Taking Alzheimer's disease as an example, the system process is as follows:
1. **Knowledge graph query**: Obtain information such as pathogenic genes (APP/PSEN1/PSEN2), pathological features, and signaling pathways
2. **Candidate identification**: Find drugs acting on relevant pathways (e.g., anti-inflammatory drugs)
3. **Literature mining**: Retrieve studies supporting the protective effect of the drug in Alzheimer's disease models
4. **Mechanism reasoning**: The drug reduces amyloid toxicity by inhibiting neuroinflammation
5. **Safety evaluation**: Focus on side effects in elderly patients
6. **Priority ranking**: Generate candidate list and report

This process takes only a few minutes to hours, much faster than the weeks/months required by traditional methods.

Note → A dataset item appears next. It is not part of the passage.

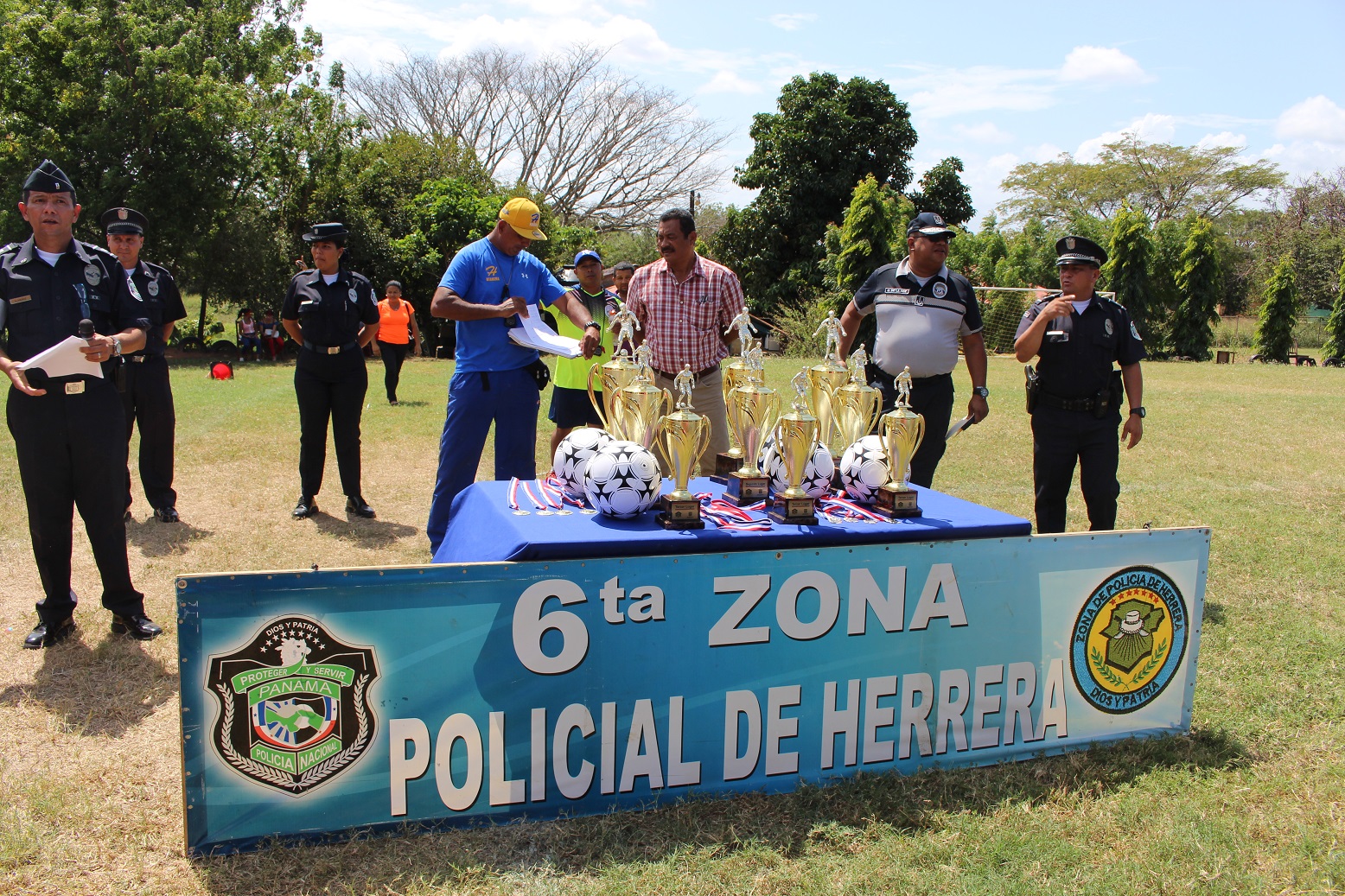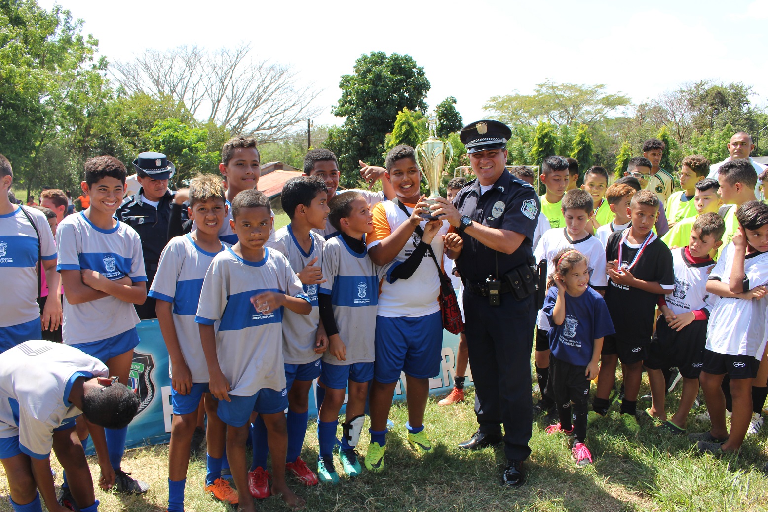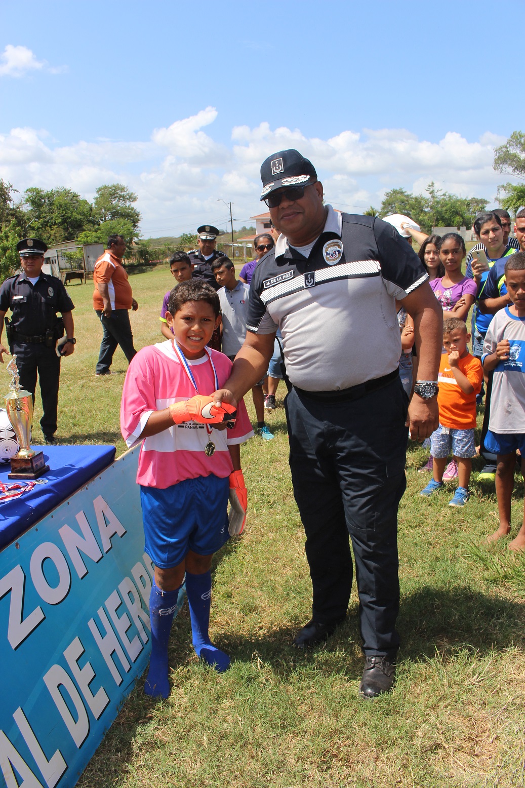 En la Cancha de Futbol de la Zona de Policía de Herrera, unidades policiales liderizada por el Comisionado Urraca de la Hoz; jefe de la 6ta. Zona Policial, celebraron la clausura de la Liga “Solo para Campeones”, donde participaron niños, niñas y adolescentes de diferentes edades. El Jefe policial se dirigió a los niños para felicitarlos por la conducta durante el desarrollo de todos los partidos, exhortarlos a seguir estudiando y los instó a poner en práctica las orientaciones impartidas por las unidades de la policía de la Niñez y Adolescencia durante el desarrollo de la liga como fueron las charlas sobre el uso correcto de las redes sociales, presión de grupo, prevención de droga y otros temas de seguridad. En el acto de premiación estuvo el Comisionado De La Hoz con su equipo de trabajo y funcionarios de Pandeportes, acompañando y entregando los trofeos, medallas y balones a los equipos y participantes más destacados en el torneo. Es preciso indicar que en la clausura hubo brindis y mucha diversión para todos los pequeños en sus vacaciones de verano. |

## Technical Challenges and Solutions of AI Drug Repurposing

### Challenges and Responses
1. **Data Quality**: Noise/inconsistency/missing → Cleaning and standardization + entity linking + quality assessment
2. **Graph Sparsity**: Few known relationships → Large model supplements literature knowledge + GNN topological reasoning
3. **Causal Identification**: Correlation ≠ causation → Causal inference + time series data + mechanism knowledge
4. **Clinical Translation**: Laboratory results are difficult to reproduce → Multi-level verification (computational → in vitro → animal → clinical) + real-world data
5. **Interpretability**: Black-box prediction → Interpretable reasoning paths + confidence scores + human-machine collaboration

## Future Outlook and Conclusion of AI Drug Repurposing

### Future Outlook
- Larger-scale knowledge graphs: Cover more entities and relationships
- Multimodal models: Integrate text/molecule/protein/image data
- Agent collaboration upgrade: More autonomous handling of complex tasks
- Dry-wet experiment closed loop: Accelerate candidate verification
- Personalized repurposing: Based on individual patient characteristics

### Conclusion
AI technologies (knowledge graph + large model + multi-agent) provide an efficient path for drug repurposing. Although experimental verification and expert judgment are needed, it has become a powerful assistant in drug development, accelerating the transformation from "ten years to sharpen a sword" to "old drugs for new uses", and bringing hope to patients for faster access to effective treatment.